Приключения сомнамбулы. Том 2 - страница 25
А этот Фай… – повесил трубку и заглянул в бумажку, – этот Файервассер пока не перегорел, пусть посидит.
Остап Степанович ослабил узел галстука, подошёл к окну.
Небо темнело, гасило голубизну окон.
Безобидные облачка быстро срастались в чёрные тучи с ярко распушенными солнцем краями, с почти равными просветами тучи спешили друг за дружкой, к заливу. И налетал слепой ливень, следом – весёлой полосой – свет, и синькою загорались лужи, воздух вспыхивал влажным зелёным блеском, пёстрым колыханьем зонтов, и Соснин шагал, шагал, отсчитывая линии, по Большому проспекту, но опять настигала чёрная набухшая полоса, опорожнялась: небо обрушивалось потопом. Оставалось прижиматься к фасаду под спасительным эркером, слушать ропот побитой листвы, машинально смотреть на то, как смываются с асфальта к решёткам ливнёвки белые, точно рыбья чешуя, лепестки. А мимо шумно падала завеса воды, которую раскачивал, окатывая брызгами, ветер, и, радуясь необузданности световых и цветоносных контрастов, Соснин всё же поругивал преждевременную репетицию осени.
Промок, продрог – эркеры не спасали от дождя с ветром.
Напустив лужицы, сушились купола зонтов, под вешалкой – сапоги-чулки, как отстёгнутые протезы; наплыв гостей.
– Завидую тебе, Толенька, белой завистью, смерть как по морю скучаю, – долетали распевные стенания Милки.
– Да, солнце печёт, маки отпылали у Карадага, но вода в бухтах холодная.
– А нас дожди замучили, неделю хлещут и хлещут, холодина жуткая, видел? – ладожский лёд в июне.
Махнул расчёской, одёрнул мешковатый пиджак.
Вот и Толенька собственной персоной.
Загорелый, с искристым взором, плечиком грациозно упёрся в дверной косяк; чёрный облегающий свитер, узкие брючки в рубчик.
– Чего-нибудь покрепче?
Протянул веточку черёмухи хозяйке дома, взял рюмку с водкой, обогнул могучий пилон в центре комнаты – сросшиеся спинами, заваленные до потолка старыми холстами шкафы, платяной и книжный.
Картина пронзила взглядом гипнотизёра.
Изображение, мгновенно отпечатавшись на сетчатке, разносилось кровью, биотоками, нервными импульсами; покорился внушению, как если бы знал уже что ещё увидит, развёртывая внезапное, словно обморок, переживание.
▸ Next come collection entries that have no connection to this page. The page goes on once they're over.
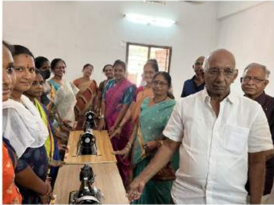
Inauguration of Skill Hub on 7 th March, 2022 by Municipal Commissioner, KMC, Kakinada
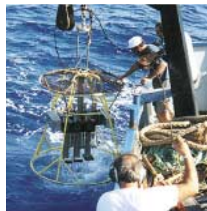
Sampling at sea.

Field experimental studies carried out under Cost-Impact brought to light the complexity of the relationship between demersal fishing effects and changes in biodiversity and
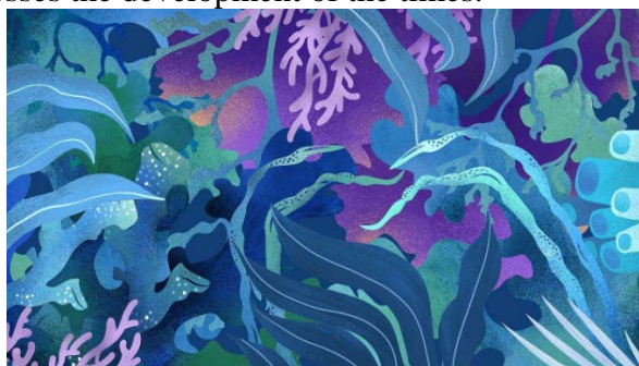
Fig.1 Cultivate Modern Design Concept and Innovative Thinking

First, visual communication design embodies the characteristics of the times and rich connotation. The field of visual communication design is expanding with the progress of science and technology, and it intersects with other fields in the process of expanding. The main ways it presents to the audience are print book design, display image design, etc. it not only conveys information, but also witnesses the development of the times.
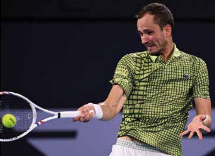
Daniil Medvedev of Russia hits a return during the men's singles final

Nakashima rallied in the second to force a tiebreak but the towering Russian raced to a 5-0 lead in the breaker and the match was as good as over.

– Валерки не будет, слышали? Променял нашу тёплую компашку на ледяное созвездие филологических знаменитостей, – сетовал Шанский; знал уже…
– И слава богам, не хватало вечер на ваш заунывный дуэт потратить, – порадовалась Людочка, а Таточка скорбно поджала губки, она-то ждала Валерку… вздыбились пушинки на вязаной кофточке.
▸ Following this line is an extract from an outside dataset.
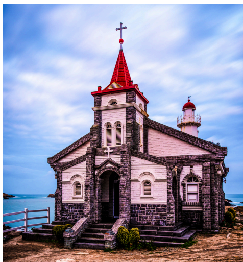
Busan SEONG DREAM CHURCH 城梦想教堂

– Почему на дуэт, не на трио? – с обидчивой наигранностью грохнул за шкафом Бызов, – меня, баса-полемиста, списали? Ну-у, без Валерки мы с Толькой как раз дуэтом и запоём, гарантирую. Гошка Забель кивает. – Где пропадал? Художник встаёт. – Заждались. Шанский плечиком пожимает. – Едва налили, пришёл на запах. И московский теоретик улыбается из угла, худой рукой с зажжённой сигаретой помахивает, мол, не выбраться, и, взметнув огненные патлы, Милка шумно раздвигает стулья, протискивается обниматься – не виделись целую вечность; чуть раскосые сверкающие серо-голубые глаза, горящие веснушки, хотя и зашпаклёванные слегка крем-пудрой.
– Планы выражения и содержания образуют нечто вроде чемодана с двойным дном, весомы в багаже искусства лишь ускользающие от досмотров, неподъёмные тайны, – заведённо втолковывал Шанский Бызову, крупному, плечистому, в круглых, с толстыми стёклами, окулярах, оседлавших мясистый нос: одинокий бугор на тяжёлом, гладком, как булыжник, лице.